The conviction of lung sterility has gone down in history. By means of gastro-esophageal reflux or by micro-aspiration from the nasopharyngeal cavity, microorganisms constantly reach the alveoli [14]. The microbiome of healthy lungs consists mainly of bacteria from the Prevotella, Veillonella, and Fusobacterium species [15, 16]. Experimental studies have observed low density of pulmonary microbiome, with the value of the row 103-105 CFU/g of a lung tissue [17]. Its current composition is determined by the mutual ratio of microorganism immigration to the airways, their elimination, and reproduction of bacterial colonies forming the microbiome [18]. However, the assessment of human microbiome in healthy individuals presents some difficulties. Non-intubated patients samples taken during bronchoscopy could be contaminated by bacterial flora of the nasopharynx. Furthermore, difficulties in acquiring microbial material, which represents a reliable composition of the pulmonary microbiome, concern intubated patients; the collected bronchoalveolar lavage fluid (BALF) often more closely indicates the microbiome of upper respiratory tract than the lungs. Only strongly invasive methods, such as an open lung biopsy allow to obtain a reliable material for testing [19]. However, experimental studies have shown that pulmonary microbiome is different from that in the oral cavity or the gut [4].

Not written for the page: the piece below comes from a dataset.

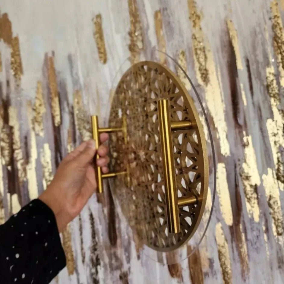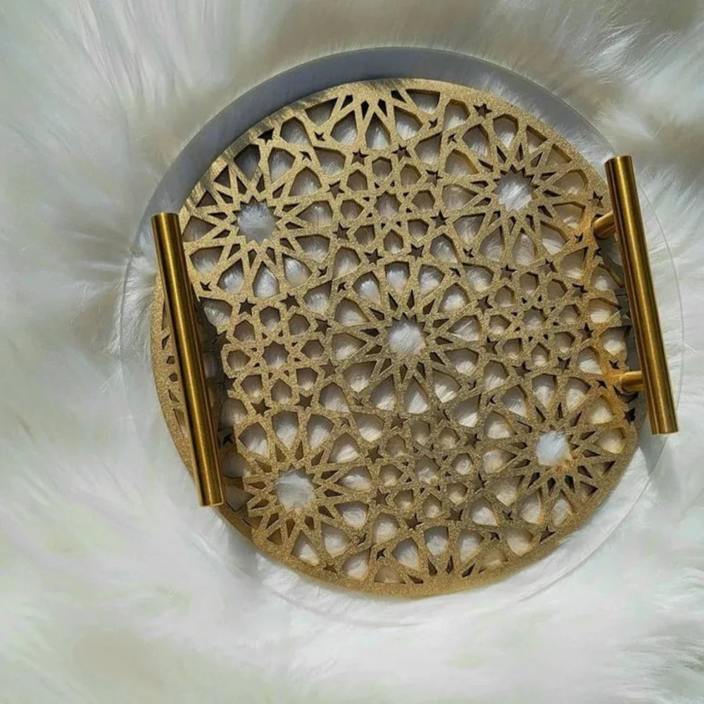 Islamic Pattern Wooden Sweets Tray With Acrylic Top - Gold/Silver

Animal studies indicate the role of forming respiratory airways microflora in the first few weeks of life in the development of a proper immune response of the organism, through the appearance of Helios (-) Treg cells and a reduction in the response to allergens. It results in lowering of susceptibility to the development of allergic airway inflammation in adulthood [20]. It has been shown that the early formation of the microbiome is responsible for the subsequent stability of upper respiratory tract microflora and the reduction of susceptibility to pulmonary infections [21]. Lungs of germ-free (GF) mice contain 2.5 times more invariant natural killer T cells (iNKT) than lungs of specific pathogen-free (SPF) mice. When the lungs of newborn GF mice were exposed to microorganisms being a standard component of normal microbiome, the number of iNKT cells became similar to that observed in SPF mice [22]. In the absence of commensal microorganisms, the number of infiltrating TH2 lymphocytes and eosinophils in the lungs increased [23]. Pulmonary microbiome, by modulating the expression of innate immunity genes, causes an increase in the concentration of IL-5, IL-10, IFN-γ, and CCL11. In the lungs of murine SPF newborns, the level of expression of PD-L1 on CD11b+ DCs and the frequency of FoxP3+ CD25+ Treg cells are higher [20]. The composition of microbiome also affects the TLR4-dependent response of pulmonary macrophages [24]. Moreover, microbiota modulate the production of antibacterial peptides (AMs) in the mucus and is responsible for inhibiting multiplication of bacteria and protecting the epithelium from these microorganisms [25]. It has been shown that in the absence of microbiome in the lungs or when its number is low, there is a decrease in the production of protective mucus [26]. The GF mice are more susceptible to pulmonary infections caused by Pseudomonas aeruginosa, Streptococcus pneumoniae, or Klebsiella pneumoniae [27, 28]. Additionally, the number of pulmonary alveoli is greater in the lungs with normal microbiome [17].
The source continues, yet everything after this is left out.